### PROVIDED RECORDS:

# # # #

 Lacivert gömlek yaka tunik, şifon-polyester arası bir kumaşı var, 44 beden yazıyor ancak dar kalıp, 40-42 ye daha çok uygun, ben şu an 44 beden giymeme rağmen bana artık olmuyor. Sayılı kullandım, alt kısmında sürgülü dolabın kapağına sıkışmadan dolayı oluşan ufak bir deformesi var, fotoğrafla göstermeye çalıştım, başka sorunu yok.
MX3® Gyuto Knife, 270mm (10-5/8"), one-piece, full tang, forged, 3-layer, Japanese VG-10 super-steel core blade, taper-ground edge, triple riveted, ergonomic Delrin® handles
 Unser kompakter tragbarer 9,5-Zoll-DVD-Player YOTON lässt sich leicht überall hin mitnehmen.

# # # #

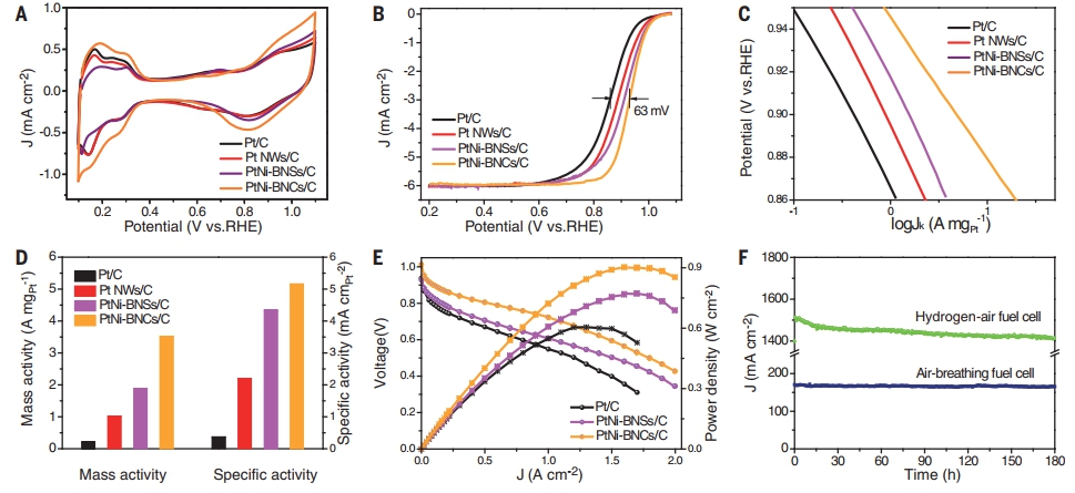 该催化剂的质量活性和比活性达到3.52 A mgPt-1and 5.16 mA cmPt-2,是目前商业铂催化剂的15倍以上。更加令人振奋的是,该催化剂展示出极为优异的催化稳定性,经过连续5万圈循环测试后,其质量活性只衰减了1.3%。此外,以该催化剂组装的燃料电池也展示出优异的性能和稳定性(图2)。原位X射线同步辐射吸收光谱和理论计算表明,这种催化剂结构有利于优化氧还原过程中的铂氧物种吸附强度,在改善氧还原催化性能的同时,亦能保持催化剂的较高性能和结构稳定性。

# # # #

### PROBLEM DESCRIPTION:
Copy out the range of lines above starting at the line with "MX3® Gyuto Knife, 270mm" and ending at the line with "Unser kompakter tragbarer", exactly and including both.

### WRITTEN RESPONSE:
MX3® Gyuto Knife, 270mm (10-5/8"), one-piece, full tang, forged, 3-layer, Japanese VG-10 super-steel core blade, taper-ground edge, triple riveted, ergonomic Delrin® handles
 Unser kompakter tragbarer 9,5-Zoll-DVD-Player YOTON lässt sich leicht überall hin mitnehmen.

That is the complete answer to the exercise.